July 31, 2023
Staff Accomplishment

Delivering Mighty Impact for DOE User Facility

ACMD staff contributed to 30 years of atmospheric data collection

Image of the research vessel Polarstern on ice

In support of the Department of Energy’s Atmospheric Radiation Measurement user facility, staff from Pacific Northwest National Laboratory updated ingests and worked on science data products for the 2019–2020 Multidisciplinary Drifting Observatory for the Study of Arctic Climate expedition.

(Photo by Matthew Shupe | University of Colorado Boulder)

Over the past 30-plus years, the Atmospheric Radiation Measurement (ARM) user facility has collected measurements from all seven continents and five oceans. In remote and urban regions, more than 460 ARM instruments gather data on clouds, precipitation, solar and infrared energy, aerosols, and other environmental elements.

All of that data produces a unique picture of how Earth systems are changing—and how they might have looked in preindustrial times. This is an attractive draw for the more than 1,000 users who download data on average each year from ARM, a Department of Energy (DOE) Office of Science user facility.

Every day, the Advanced Computing, Mathematics, and Data (ACMD) Division at Pacific Northwest National Laboratory (PNNL) help ARM deliver high-quality, continuous atmospheric data at no cost to scientists worldwide.

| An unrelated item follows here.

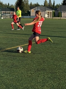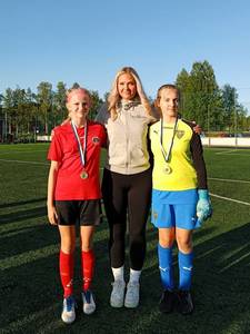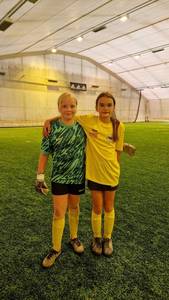 Kuva 2. Vöyrin turnauksessa mukana Ilona ja Janina. Molemmat saivat kehuja pelirohkeudesta ja pallonkäsittelytekniikasta.

Most of the ACMD staff who support ARM are spread across three teams within the division’s Software and Data Systems Engineering Group, including the Data Services, Infrastructure and Systems Deployment, and Scientific Software Engineering teams.

Staff prepare ingest software for ARM to process data from instruments in the field. Before an ARM mobile deployment, software developers routinely update more than 60 ingests.

ACMD staff are also responsible for developing higher-order science data products. Staff employ algorithms to combine measurements from multiple instruments, creating more usable and meaningful data products.

These products, known as value-added products (VAPs), typically compute geophysical variables that instruments do not measure directly, such as liquid water path. Some VAPs are “best estimate” products or packaged for modelers. ACMD staff are responsible for 50 active VAPs, including one that uses artificial intelligence to produce a cloud mask from lidar data.

In addition, ACMD staff create and support tools and processes to aid data flow and discoverability.

ARM is celebrating 30 years of serving the research community. In this short video, see how ARM data are collected, processed, evaluated, and distributed to researchers worldwide. (Video: Atmospheric Radiation Measurement user facility)

To help streamline ingest and VAP development, Software Engineer Krista Gaustad led a group of developers, including Software Engineers Sherman Beus, Brian Ermold, and Timothy Shippert, in creating the ARM Data Integrator. This open-source framework makes it much easier to process raw instrument data and combine and transform diverse data sets into higher-order products.

Earth Scientist Jennifer Comstock is a team leader and also serves as ARM’s first associate director for research. In her ARM role, Comstock oversees research and science product development across multiple DOE national laboratories.

ARM’s organization chart also features a trio of ACMD software engineers in technical leadership positions. Beus oversees ARM’s data flow software and website development, Ermold leads ingest development, and Gaustad is responsible for the data product software and development workflow.

Early in ARM’s history, several present-day ACMD staff managed and supported ARM’s Data Management Facility at PNNL. This facility helped ARM standardize and centralize data processes that were previously handled by different sites around the world.

As technology and user needs have evolved, so have ARM’s approaches to collecting, processing, evaluating, storing, and distributing data. Thanks to the work of ACMD staff and colleagues from PNNL and other DOE national laboratories, ARM remains the world’s premier ground-based observations facility in its fourth decade.